• TASK GOAL: Your task is to restate word for word the lines in the material below, from the one with "Alumni Sharing 校友分享" up to and including the one with "T-Roc R-Line with". Do not carry over the pictures.

Start of INFORMATION SHOWN

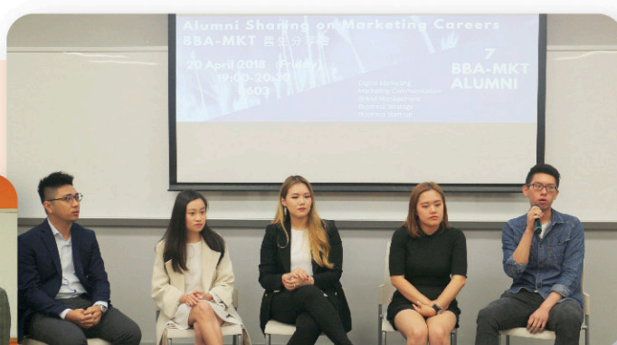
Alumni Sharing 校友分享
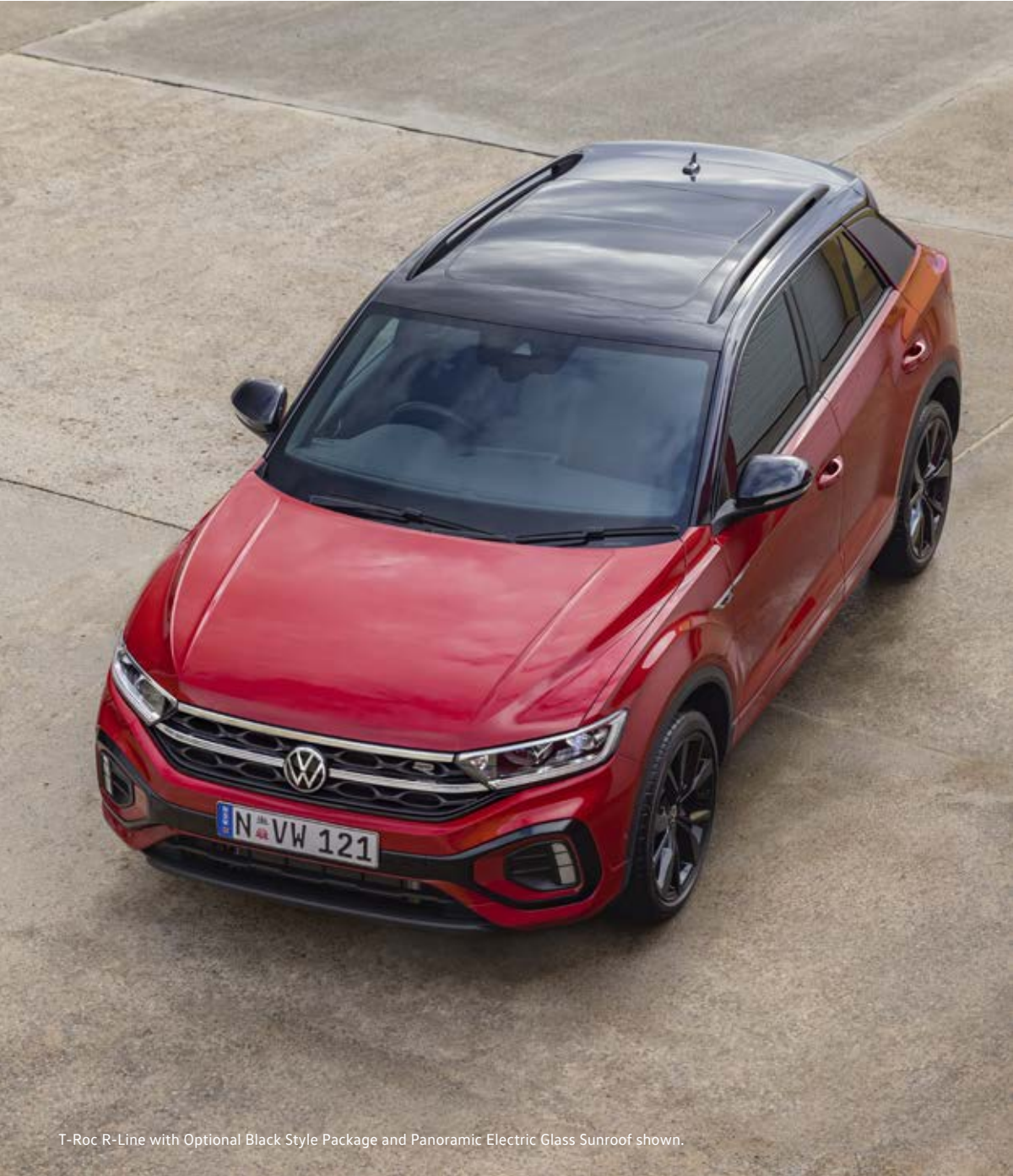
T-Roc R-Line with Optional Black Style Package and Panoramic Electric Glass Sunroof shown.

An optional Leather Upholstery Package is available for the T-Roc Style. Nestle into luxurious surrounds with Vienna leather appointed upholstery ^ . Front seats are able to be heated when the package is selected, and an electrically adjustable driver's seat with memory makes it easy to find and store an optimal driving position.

End of INFORMATION SHOWN
Start of INFORMATION SHOWN

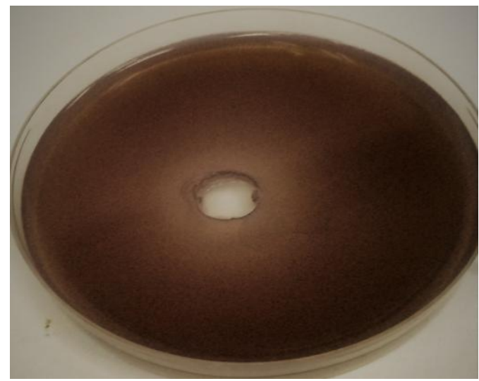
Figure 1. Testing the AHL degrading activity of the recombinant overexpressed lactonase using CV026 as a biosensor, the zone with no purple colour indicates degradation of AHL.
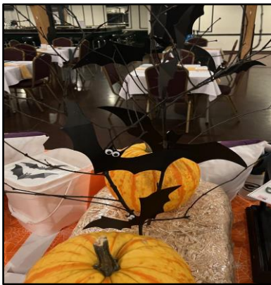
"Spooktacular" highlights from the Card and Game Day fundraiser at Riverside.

End of INFORMATION SHOWN

• REPLY:
Alumni Sharing 校友分享
T-Roc R-Line with Optional Black Style Package and Panoramic Electric Glass Sunroof shown.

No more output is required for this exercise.